Olive Oil & Olive Tree
In ancient times and continuing today, the olive tree has been among the most important in Greece. It has played an important role in the country’s economy and social development, but its greatest value is in Greek worship, beliefs, and customs.
The first written records refer to the name “ελια” (elia) – which means olive in the Greek language. These references are as old as the most ancient (so far) decrypted Greek writing dating back to 14th -13thcentury BC. In the archives of the Mycenaean palaces of Knossos and Pylos, archaeologists have discovered a large number of clay tablets in Linear B script. In these records, they find frequent mention of olives trees, olives, and olive oil.
According to Greek mythology Athena, the goddess of Olympus, brought the olive tree to the Greeks. She also taught them its cultivation. This first sacred olive tree was on the Acropolis and is featured in the famous episode of Poseidon and Athena, for whom the city of Athens in named.
An indication of the importance of the olive tree in ancient Athens is the fact that the Athenians depicted the goddess Athena on their coins. She is shown with a wreath made from olive leaves on her helmet and she holds an amphora containing olive oil or an olive tree branch. Another tradition says that Hercules (whose club was made from wild olive tree) brought olive saplings from the land of Hyperborean (a mythical land which was believed to be in the far north or to be the heavens). Hercules then planted it in ancient Olympia. That is why the Olympians were crowned with a wreath made from olive leaves. The gold and ivory statue of Olympian Zeus in Olympia, a work of Phidias, was also crowned with an olive wreath.

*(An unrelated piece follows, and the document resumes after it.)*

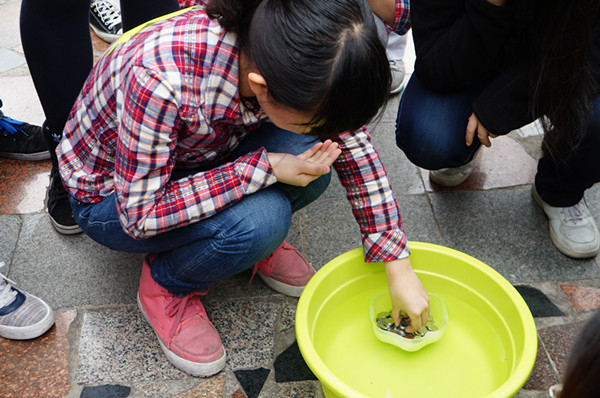 紧接着,又到了中间环节——抽签,很不幸绿队又中签了。于是,以朱舟成为首的五人小组以怪异的姿势走向正门体育馆。与此同时,第三环节正式开始!一个水盆、一只塑料盒、一带硬币,每组轮流向漂浮在水盆中的塑料盒堆放硬币直至盒子下沉。就是这样一个不带有现代电子色彩的游戏,仿佛让人回归到了童年画格子跳房子的时光,大家都投入其中。幸运的红队在这一轮中再次获胜~

Aristotle described the cultivation of olive trees as science. Platon taught under the shade of an olive tree. Finally, Hippocrates used olive oil as a medicine for 60 different conditions including wounds and burns, skin problems, gynecological issues, ear infections, etc. When olive oil failed to save the patient, it was used to anoint the body of the deceased. It was also offered along with wine, honey and other products at the grave.
Olive oil has been one of the main ingredients in Greek cuisine over the years. In addition, there is a large socio-psychological matrix determinant in the consumption and use of olive oil. The production, preparation, and consumption of food are all a part of the circle of life (daily, weekly, annual, birth, marriage, death). All of these are combined with the interpersonal relationships and the structure of the community, as well as their performances – symbols we have for the world and for the worship. The humble word “culinary” is ultimately a code of communication, a language that expresses the structure as well as the contradictions of the community.
From the field (production) to the mill (processing), to the storage, to the handling and distribution (trade), to the kitchen and finally to consumption (kitchen table) lies a network as dense as the root of the olive tree. Here, technology, economy, language and religion function together and tie the Greek community tightly together, just as the roots of the olive tree protect the poor soil of the country against corrosion.